We next analyzed the histology of mouse breast tumors driven by GTF2IRD1, TβR2 and shRNA against BMPR1b. The majority of tumors were invasive ductal carcinomas, with low levels of ductal or lobular hyperplasia (Figure 3B, S3D). Quantitative analysis showed that GTF2IRD1, TβR2, and the shRNA against BMPR1b did not change the sizes of the primary tumors and lung metastases significantly from those of the control tumors, indicating that the over-expression of GTF2IRD1, TβR2, or loss of BMPR1b gene did not increase tumor cell proliferation in primary tumors or at metastatic sites (Figure 3C). Moreover, dysregulation of TβR2 or BMPR1b drove high-grade tumor formation, which is consistent with the GTF2IRD1 tumors (Figure 3D).

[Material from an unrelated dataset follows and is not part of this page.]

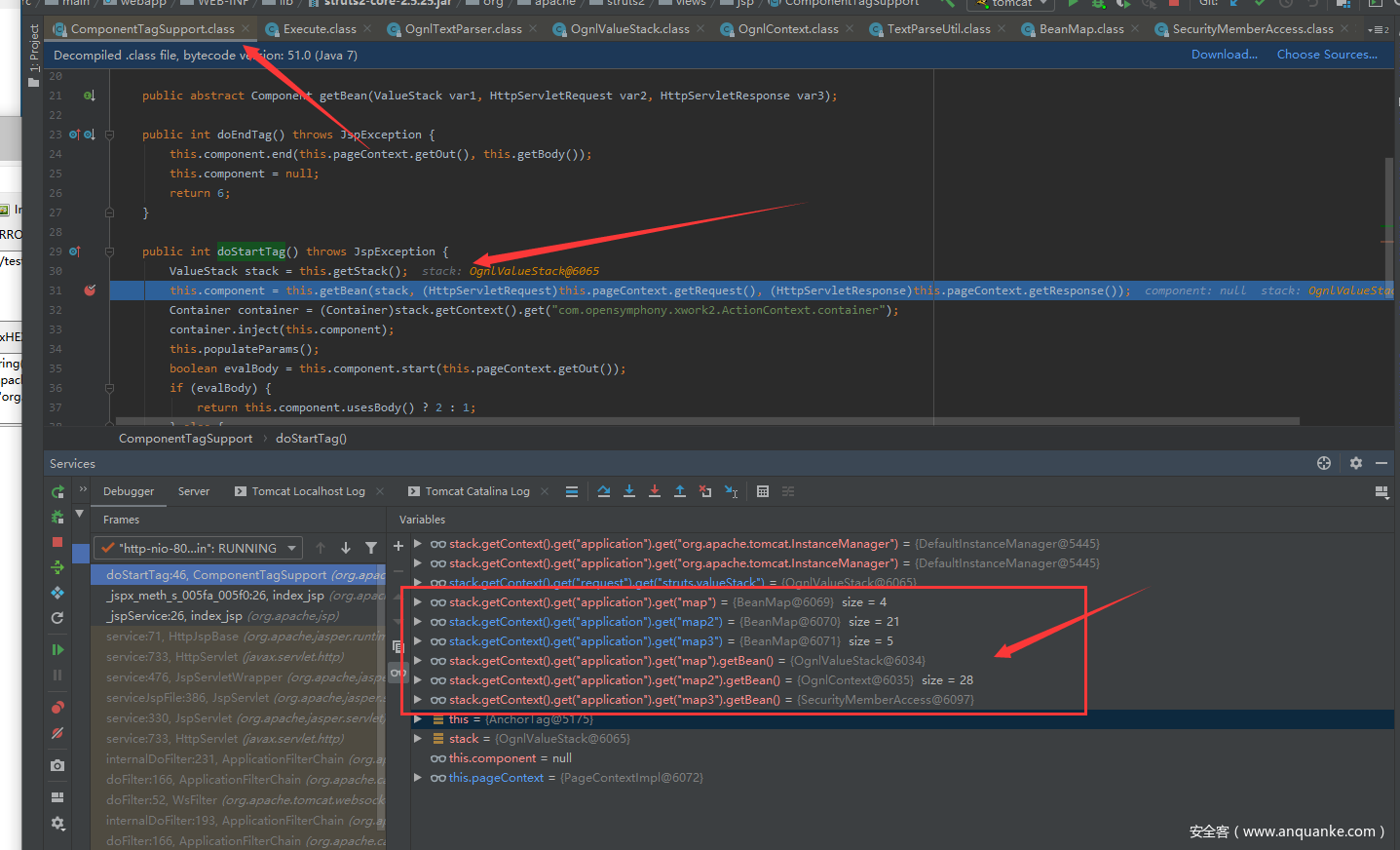 首先找到**struts2**标签解析的入口,也是我们本次漏洞**Debug**跟踪的重点。
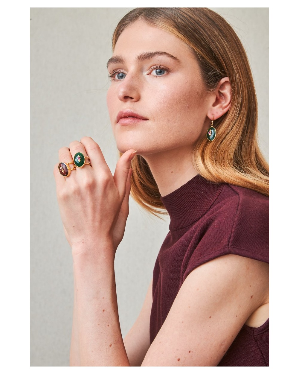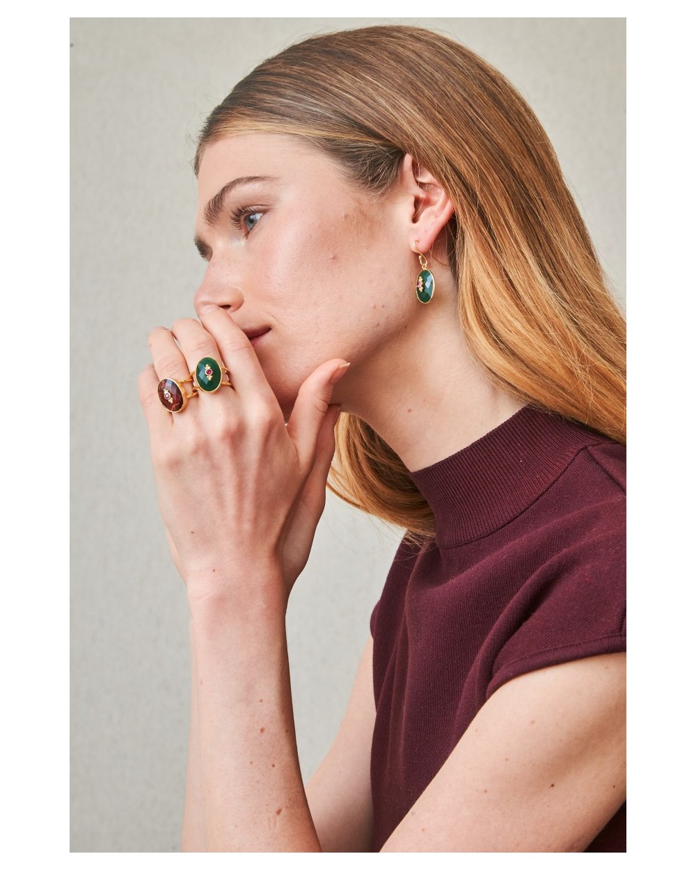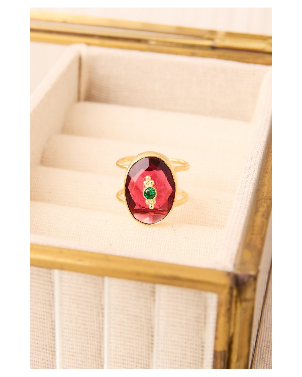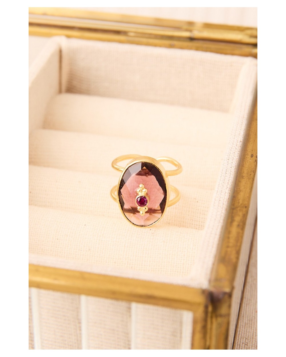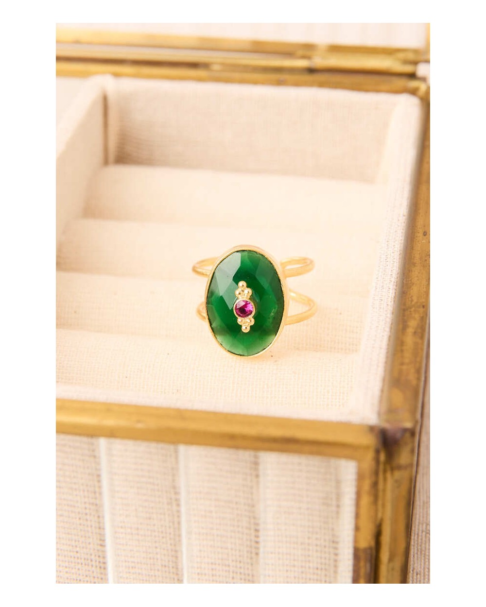 Anillo de latón bañado en oro con piedra semipreciosa facetada y detalle central en contraste. Un diseño elegante con un toque joya que eleva cualquier estilismo.

To determine whether the tumor promoting activity of GTF2IRD1 is dependent on the dysregulation of these downstream genes, we asked whether reversal of the expression of one of the key downstream genes, in combination with GTF2IRD1 over-expression, would impact tumor incidence. Using shRNA, TβR2 expression was silenced in ErbB2 mammary cells that over-express GTF2IRD1, and transplanted into recipient mice. Tumor latency was significantly increased when TβR2 expression was suppressed, compared to GTF2IRD1 over-expression alone (Figure 3E).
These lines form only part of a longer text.